4.4.1 Fast power explanation

Concept

Quickly find $a^k\mod p$ Result

thought

Preprocessing $a^{2^0},a^{2^1},a^{2^2}\dots a^{2^{log_2^k}}$ Result
Is that $k=2^{p_1}+2^{p_2}+\dots+2^{p_i}$
namely ： $a^k=a^{2^{p_1}}\times a^{2^{p_2}}\times\dots\times a^{2^{p_i}}$
about $a^{2^0}\times a^{2^0}=a^{2^{1}},a^{2^{1}}\times a^{2^{1}}=a^{2^{2}}$ , namely $a^{2^{p_i}}=a^{2^{p_{i-1}}}\times a^{2^{p_{i-1}}}$
in summary , Record during operation $a^{p_i}$ Value , And the result of multiplication
take $k$ Into binary representation , Bitwise >> operation , If the current bit is $1$ , Then the result of the current multiplication $\times a^{p_i} \mod p$
Every time the $k$ Conduct >> After the operation , to update $a^{p_{i+1}}=a^{p_i}\times a^{p_i}\mod p$
When binary $k$ No more >> when , The result of multiplication is the answer

Templates

typedef long long LL;

LL qmi(LL a,LL k,LL p){
      // Calculation  a^k % p  Result 
    
    LL res=1;  // Record the cumulative result 
    
    while(k){
    
        
        if(k&1) res=res*a%p;  //k&1 Get the current bit , if 1 Then I'm tired a^pi
        a=a*a%p;  // to update a^pi
        k>>=1;  // Move right 1 position 
    }
    
    return res;
    
}

4.4.2 Fast power inverse

Concept

congruence ： set up $m$ As a positive integer , $a$ and $b$ Is an integer , if $m ∣ a - b$ , said $a$ model $m$ Congruence with $b$ , or $a$ And $b$ model $m$ congruence , Write it down as $a\equiv b(mod~m)$
if $ab\equiv 1(mod~m)$ , said $b$ by $a$ The mold $m$ The inverse , Write it down as $a^{-1}(mod~m)$ or $a^{-1}$

Be careful

$a$ The mold $m$ Inverse existence $\Leftrightarrow$ $a$ And $m$ Coprime
When $m$ Prime number , Use Fermat's theorem to find
When $m$ When not prime , Use the extended Euclidean algorithm to find

thought

Use fast power to realize $m$ When it is a prime number, use Fermat's theorem to find the inverse element
Fermat's small Theorem ： set up $p$ As a prime number , And $a$ And $p$ Coprime , be $a^{p^{-1}}\equiv 1(mod~p)$
$\begin{aligned} a^{p^{-1}}\equiv 1(mod~p) \rightarrow &a\times a^{p^{-2}}\equiv 1(mod~p)\\ &a\times b\equiv 1(mod~p)\\ & namely ：b=a^{p^{-2}} \end{aligned}$

Template example 876. Fast power inverse

Original link

describe

Given n Group ai,pi, among pi Prime number , seek ai model pi Multiplicative inverse element of , If the inverse element does not exist, output impossible.

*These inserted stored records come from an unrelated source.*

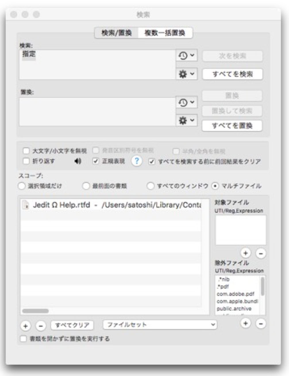 シンプルな検索置換機能(無料版)に加えて、Jedit Ωオリジナルの検索検索/置換機能では、正規表現のサポート、高速化な一括置換、数百数千セットの置換をまとめて行える複数一括置換、マルチファイル検索、検索結果ウインドウでの置換など、充実の検索機能を備えています。
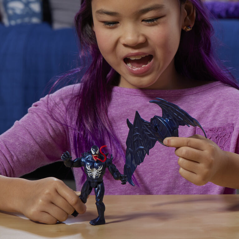 Kids can imagine unleashing Venomized web-slinging adventures and battles with their favorite Spider-Man heroes and villains! This collectible Marvel deluxe Venom action figure is a part of Hasbro’s exclusive Epic World of Action series and features classic black-and-white suit design & deco, as well as poseable limbs. VenomVersus deluxe toys also include multiple Venomized accessories for symbiote web-slinging adventures. This 4-inch-scale (10cm) figure can’t be missed and will be the perfect gift for kids or addition to any collection of Super Hero figures! Look for more Epic World of Action toys for boys and girls to collect, including figures, toy playsets, and vehicles! (Each sold separately. Subject to availability.) Copyright MARVEL. All trademarks and registered trademarks are the property of their respective owners. HASBRO and all related trademarks and logos are trademarks of Hasbro, Inc.
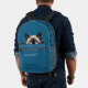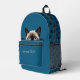 This cute backpack has the image of an Siamese cat with blue eyes peeking out. There are black paw prints all over the blue sides and top of the bag. The pocket below has text in silver. You can change the text to personalize the bag, or say anything else you'd like better.
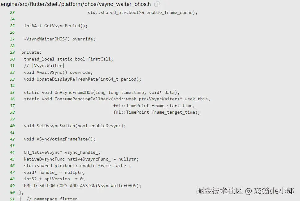 4、OH_NativeVSync 原生 VSync 信号驱动帧渲染,VsyncWaiterOHOS 负责等待信号并触发帧调度,同时支持帧缓存模式的 Dvsync 开关:
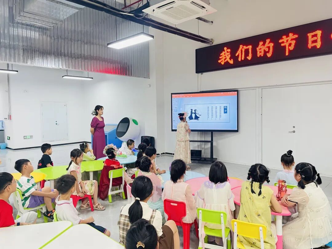 来自千艺书画社的李老师为孩子们讲解了“七夕节”的由来及文化内涵。七夕节,又称七巧节、七姐节、女儿节、乞巧节等,是中国民间的传统节日。经历史发展,七夕被赋予了“牛郎织女”的美丽爱情传说,使其成为了象征爱情的节日,从而被认为是中国最具浪漫色彩的传统节日,在当代更是产生了“中国情人节”的文化含义。
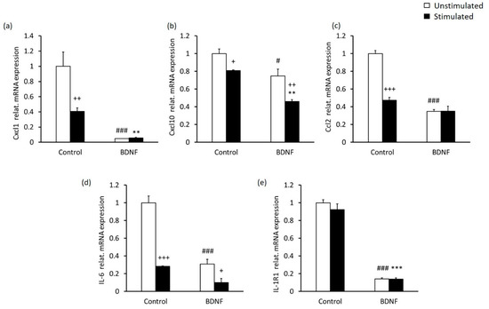 Alterations in the gene expression of chemokines and pro-inflammatory cytokines in MCs after stimulation with BDNF and high contrast. The mRNA levels of chemokines (a) Cxcl1 (b) Cxcl10 (c) Ccl2, (d) pro-inflammatory cytokine IL-6 and (e) IL-1 receptor type 1 in untreated MCs and MCs treated with 10 nM BDNF and/or high-contrast stimulation. The data are presented as the fold change compared with control (the group without high-contrast stimulation in the absence of BDNF). Differences between the high-contrast stimulated and unstimulated groups: + p < 0.05, +++ p < 0.001. Differences between the high-contrast-stimulated group treated with BDNF and the high-contrast-stimulated group without BDNF treatment: ** p < 0.01, *** p < 0.001. Differences between the unstimulated group treated with BDNF and the unstimulated group without BDNF treatment: # p < 0.05, ### p < 0.001 (two-way ANOVA followed by Tukey’s post-hoc test).
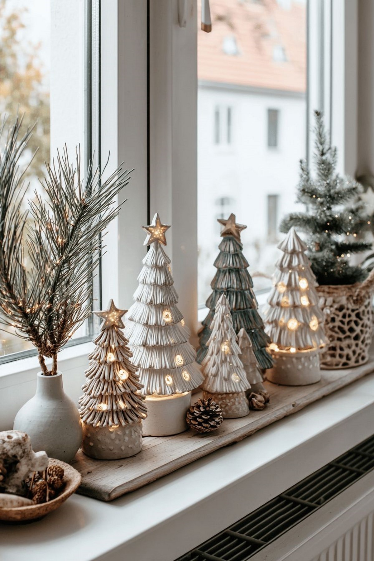 У 2026 році популярні віконні композиції зі свічок (LED), невеликих ялинок і міні-іграшок на підвіконні — створюють затишок вулицям і дому одночасно.
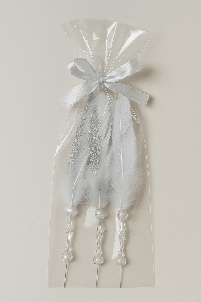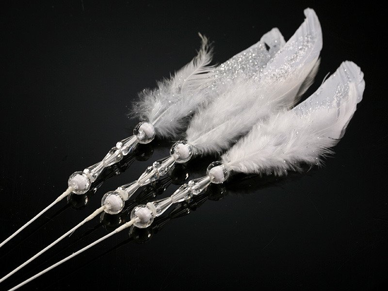 Efektowne, lekkie piórka w delikatnym odcieniu szarości, wykończone eleganckimi akcentami biżuteryjnymi – kryształkami i koralikami. Każde pióro osadzone jest na giętkim druciku florystycznym, dzięki czemu można je łatwo wkomponować w kompozycje, wianek, stroik, bukiet, świecę, prezent, stroik świąteczny lub dekorację wnętrza.
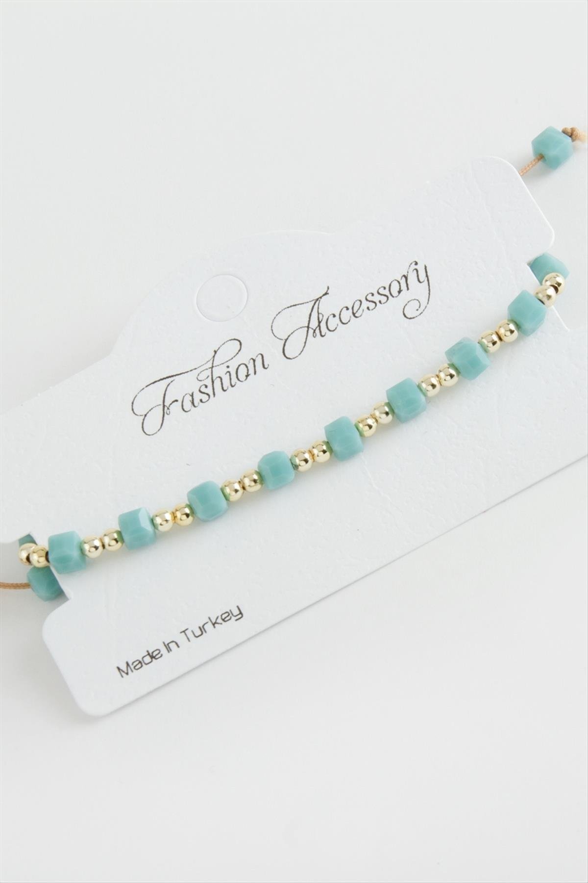 Küp Top Metal Kristal Bileklik-Turkuaz
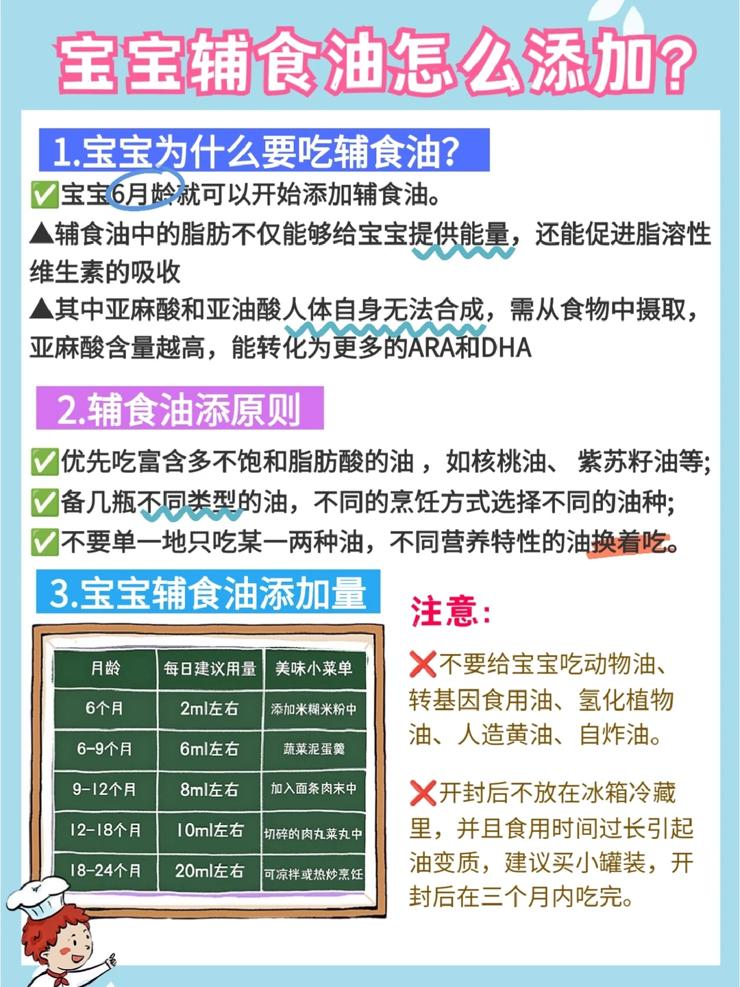 辅食油可以为宝宝提供人体必需脂肪酸,如亚油酸和亚麻酸,这些都是人体无法自身合成的脂肪酸,必须通过食物获取。
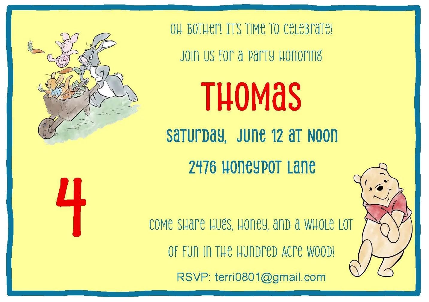 This whimsical invitation in cheerful blue, sunny yellow, and playful red features Winnie the Pooh and his adorable friends, inviting guests to a cozy celebration full of honeyed smiles and warm hugs. Sweet illustrations capture Pooh’s gentle charm alongside Piglet, Tigger, and friends in a delightful scene that feels like a stroll through the Hundred Acre Wood. Perfect for birthdays, baby showers, or any gathering where nostalgia and joy take center stage, this invitation sets a friendly, storybook tone that promises laughter, comfort, and magical memories.
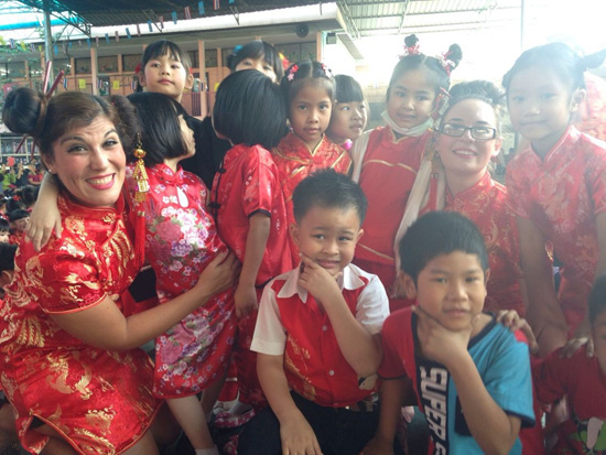 身着中国旗袍的老师和学生们
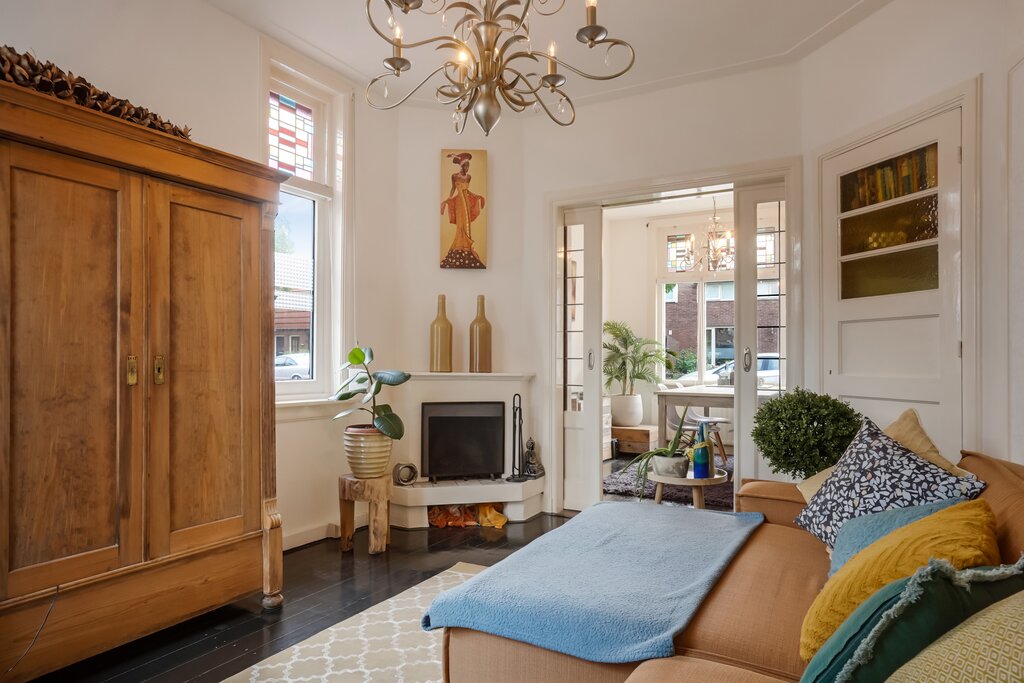 De sfeervolle woonkamer en suite met schuifdeuren, openslaande tuindeuren, muurkast en schouw is afgewerkt met een houten delen vloer, pleisterwerk wanden en een stucwerk plafond met ornamenten.
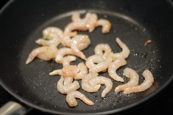 2.- Las gambas las pelamos y la pasamos por la plancha con una gotita de aceite. Una vez hechas retiramos y reservamos.
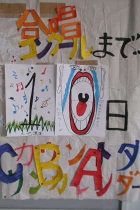 学芸発表会朝練習の風景 公開日 2016/10/19 更新日 2016/10/19 学校日記 ランチルームでは、まずは発声練習です。 「アカマキガミ、アオマキガミ、キマキガミ」と懐かしい フレーズの声出しから練習が始まります。 3年生恒例のカウントダウンカレンダーは、あと10日と なっています。 いいね(0)

Be careful ： Please return to 0∼p−1 The inverse element between .

Definition of multiplicative inverse
If integer b,m Coprime , And for any integer a, If meet b|a, Then there is an integer x, bring a/b≡a×x(modm), said x by b The mold m Multiplicative inverse element , Write it down as b−1(modm).
b The necessary and sufficient condition for the existence of multiplicative inverse is b And modulus m Coprime . When modulus m Prime number ,bm−2 That is to say b Multiplicative inverse element of .

Input format
The first line contains integers n.

Next n That's ok , Each row contains an array ai,pi, Data assurance pi Prime number .

Output format
The output, n That's ok , Each group of data outputs a result , Each result takes up one line .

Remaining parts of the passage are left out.